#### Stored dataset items
[Start of Attachment]
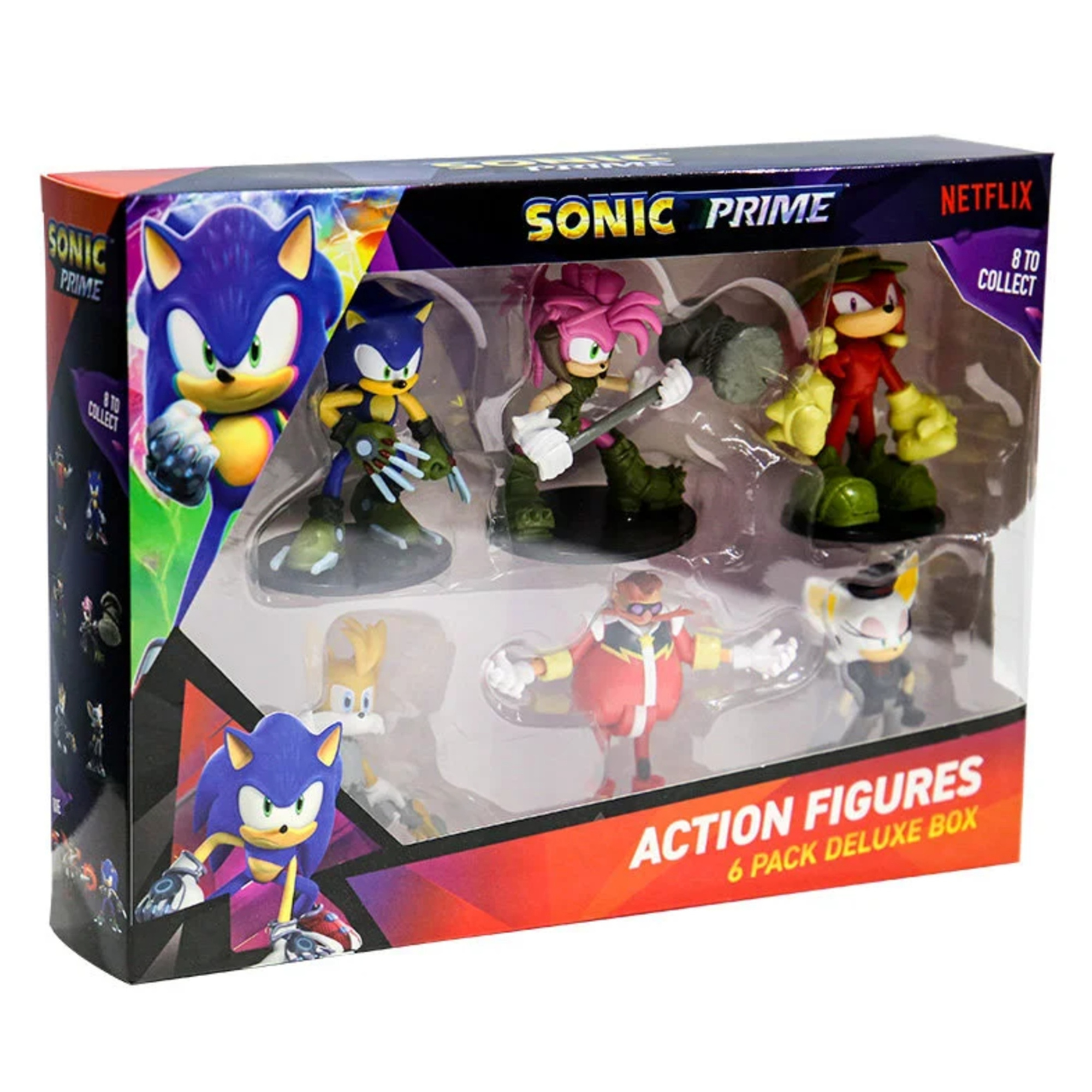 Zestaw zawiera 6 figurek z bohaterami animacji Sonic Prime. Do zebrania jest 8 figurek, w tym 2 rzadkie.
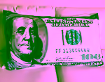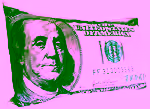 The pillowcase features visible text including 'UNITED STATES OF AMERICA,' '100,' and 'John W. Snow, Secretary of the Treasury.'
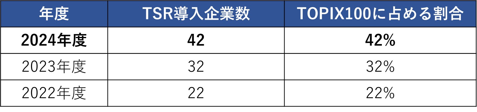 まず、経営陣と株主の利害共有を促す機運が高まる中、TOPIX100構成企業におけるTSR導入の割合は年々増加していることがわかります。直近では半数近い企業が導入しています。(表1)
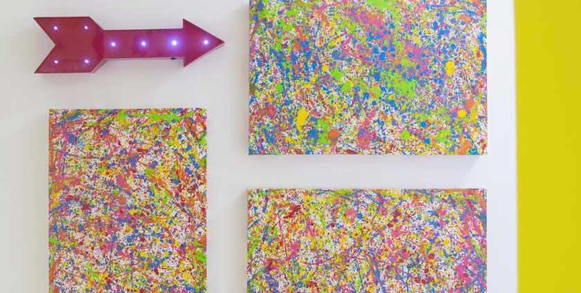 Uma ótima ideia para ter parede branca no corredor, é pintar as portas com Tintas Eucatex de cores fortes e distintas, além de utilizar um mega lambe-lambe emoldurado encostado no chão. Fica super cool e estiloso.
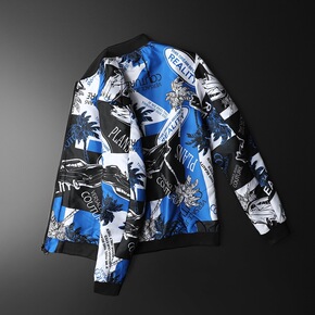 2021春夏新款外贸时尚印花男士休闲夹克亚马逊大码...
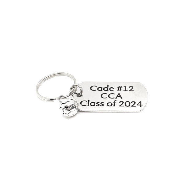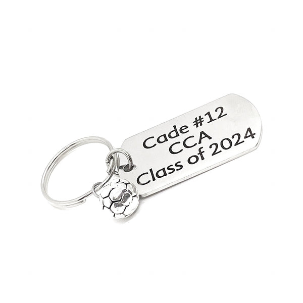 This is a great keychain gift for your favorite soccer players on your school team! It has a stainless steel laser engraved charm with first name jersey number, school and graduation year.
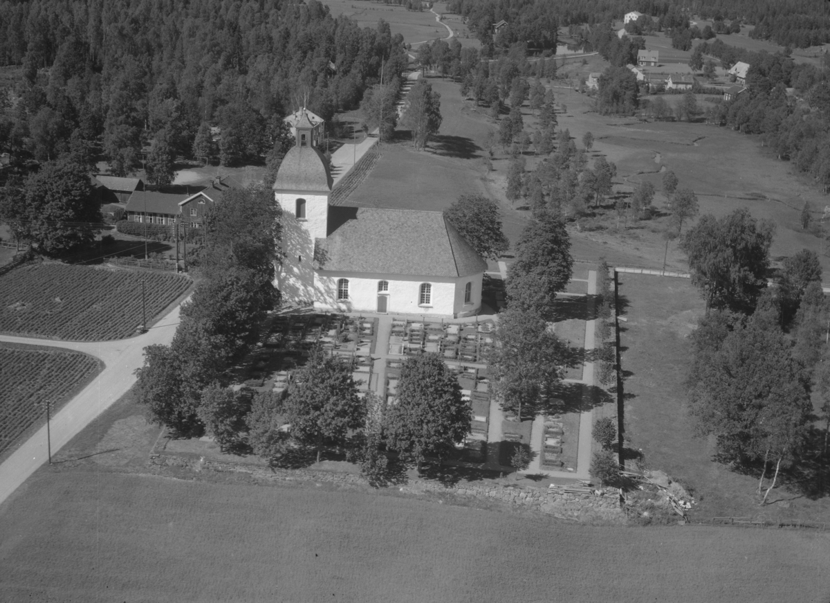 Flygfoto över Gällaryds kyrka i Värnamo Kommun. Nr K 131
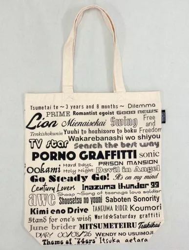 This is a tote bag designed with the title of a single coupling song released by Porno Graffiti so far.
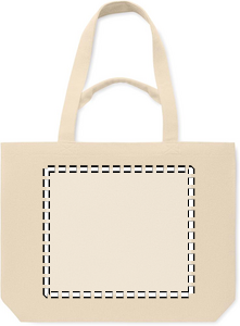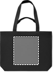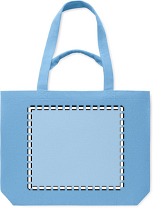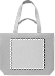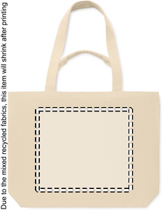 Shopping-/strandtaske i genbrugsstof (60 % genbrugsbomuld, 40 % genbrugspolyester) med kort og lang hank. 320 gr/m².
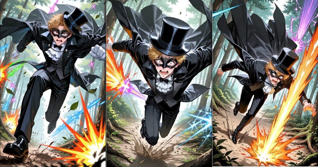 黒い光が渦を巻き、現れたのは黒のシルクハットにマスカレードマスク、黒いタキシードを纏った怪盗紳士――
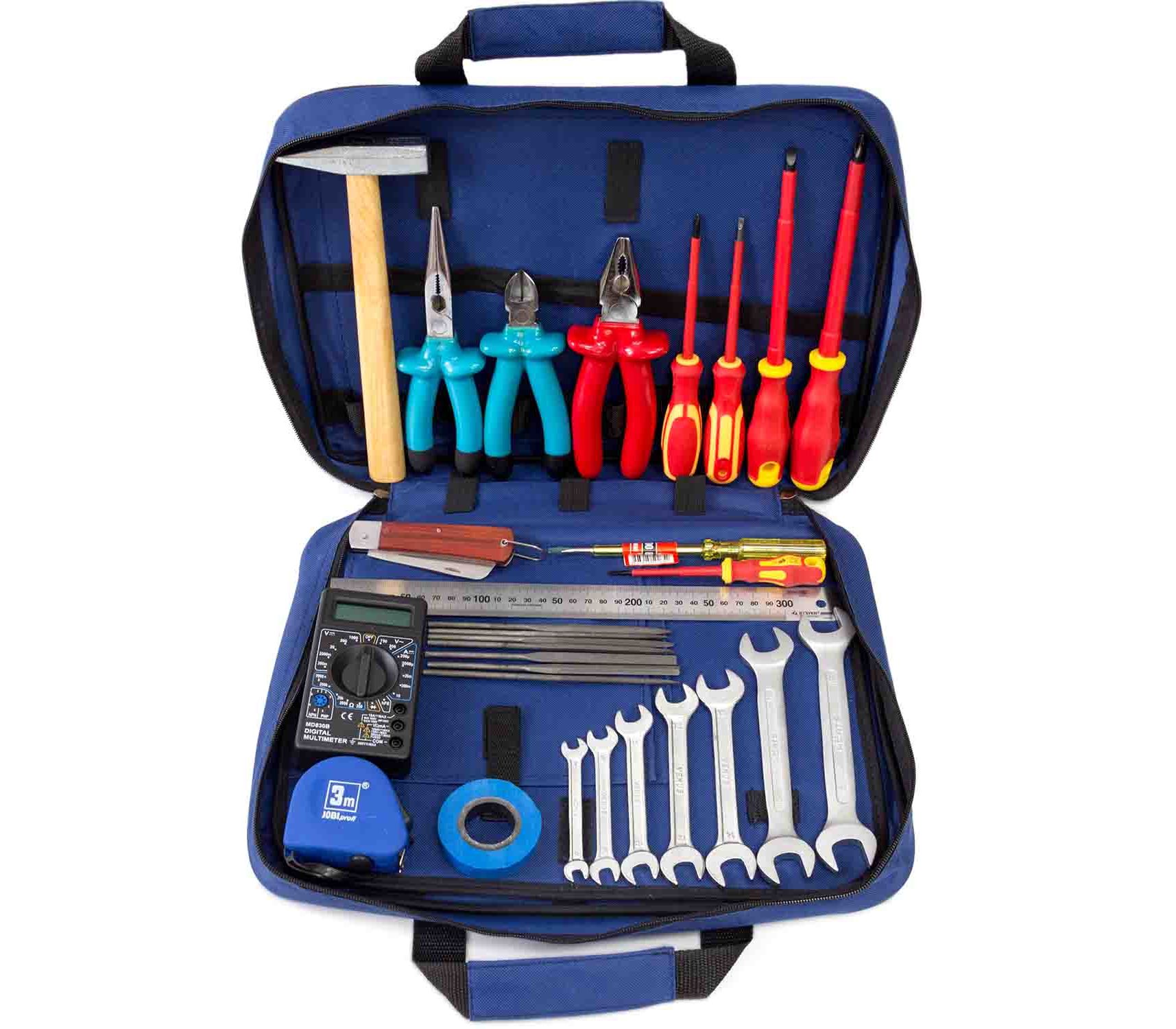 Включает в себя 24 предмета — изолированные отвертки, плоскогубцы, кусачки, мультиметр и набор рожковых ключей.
[End of Attachment]
Each entry should be transcribed exactly as given, with pictures omitted.

#### Answer to this task
 Zestaw zawiera 6 figurek z bohaterami animacji Sonic Prime. Do zebrania jest 8 figurek, w tym 2 rzadkie.
 The pillowcase features visible text including 'UNITED STATES OF AMERICA,' '100,' and 'John W. Snow, Secretary of the Treasury.'
 まず、経営陣と株主の利害共有を促す機運が高まる中、TOPIX100構成企業におけるTSR導入の割合は年々増加していることがわかります。直近では半数近い企業が導入しています。(表1)
 Uma ótima ideia para ter parede branca no corredor, é pintar as portas com Tintas Eucatex de cores fortes e distintas, além de utilizar um mega lambe-lambe emoldurado encostado no chão. Fica super cool e estiloso.
 2021春夏新款外贸时尚印花男士休闲夹克亚马逊大码...
 This is a great keychain gift for your favorite soccer players on your school team! It has a stainless steel laser engraved charm with first name jersey number, school and graduation year.
 Flygfoto över Gällaryds kyrka i Värnamo Kommun. Nr K 131
 This is a tote bag designed with the title of a single coupling song released by Porno Graffiti so far.
 Shopping-/strandtaske i genbrugsstof (60 % genbrugsbomuld, 40 % genbrugspolyester) med kort og lang hank. 320 gr/m².
 黒い光が渦を巻き、現れたのは黒のシルクハットにマスカレードマスク、黒いタキシードを纏った怪盗紳士――
 Включает в себя 24 предмета — изолированные отвертки, плоскогубцы, кусачки, мультиметр и набор рожковых ключей.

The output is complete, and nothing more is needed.